How are you and your company involved in databases?

We develop and market multiple databases. The database types that Actian supports include ones for embedded use, relational, analytical, and NOSQL object technologies.

What are the keys to a successful database strategy?

We believe no one database is suited for all uses, so different databases, though Actian has coupled its OLTP database with a high-speed analytics engine to create a hybrid database. Every application needs security and data integrity as a first-order requirement. The ability to scale beyond a single system using a cluster of systems is vital for throughput. We take advantage of HDFS to scale on clusters.

As for speed, we have focused on looking beyond in-memory to take advantage of the high-performance computing support that Intel has included in all the 64-bit processors to accelerate analytics queries.

How can companies benefit from databases?

Without database management systems we would be accessing log files sequentially, without indexes. Reading every record, in sequence very fast was achieved 30 years ago using magnetic tape drives with lots of tracks and the media moving at several feet per second.

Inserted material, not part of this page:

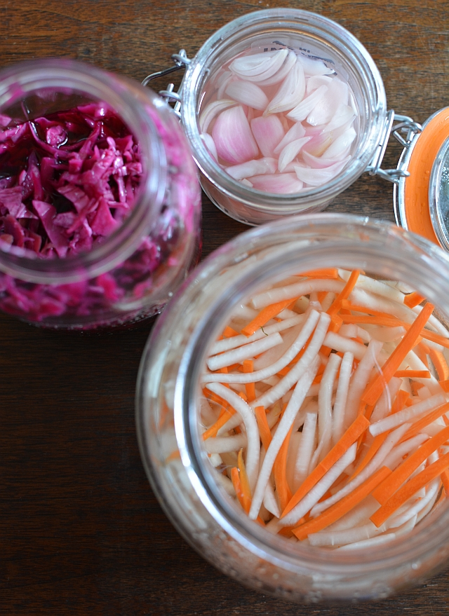Given my past observations and experimentation, I made a pot roast of sorts but cut the beef into big chunks. The result was tasty. My husband said the meat made a good beef sandwich with pho flavors. We tried it with three pickles I had in the house -- daikon and carrot pickle, citrusy red cabbage pickle and pickled shallot (Banh Mi Handbook, pages 33, 34, and 36); I tucked the shallot in with the other two pickles for a little oniony bite. The slaw-like quality of the red cabbage paired nicely with the beef.

Disk drives can read ahead if for a sequential scan, but usually have to jump around as updates get written where there are gaps. This process of seeking out the next block is relatively slow. Databases index blocks of data to speed access and optimize storage use.

Without modern databases computers could take days to get answers that databases can fetch in seconds.  

What are real-world problems you, or your clients, are solving with databases?

Expandium, a leading mobile operator has deployed a 12-node Actian Vector database on HDFS to enable troubleshooting for more than 20 million subscribers. They retain a rolling 10-day window of around 5 billion transactions per day which enables them to drill-down to more than 50 billion individual call records to improve the overall quality of service and control customer churn.

What are the most common issues you see companies having with databases?

Customers are demanding more speed and scalability as data volumes grow and cold, ad-hoc queries are required to perform well without traditional hand-tuning.

Increasingly, Customers want on-premise and cloud-based deployment flexibility without sacrificing query speed.

Where do you think the biggest opportunities are in the evolution of databases?

Organizations want to understand their customers browsing habits so they can proactively market to them. To do this they need to analyze masses of web-log data. Being able to do this on commodity servers and with minimal IT intervention is the segment that we see is an interesting growth opportunity.

IoT applications that need storage on-edge devices is another area we are seeing increasing demand.

What have I failed to ask that you think we need to cover?

In-memory databases have evolved to take advantage of commodity processors, without resorting to specialist GPU technology to gain speed.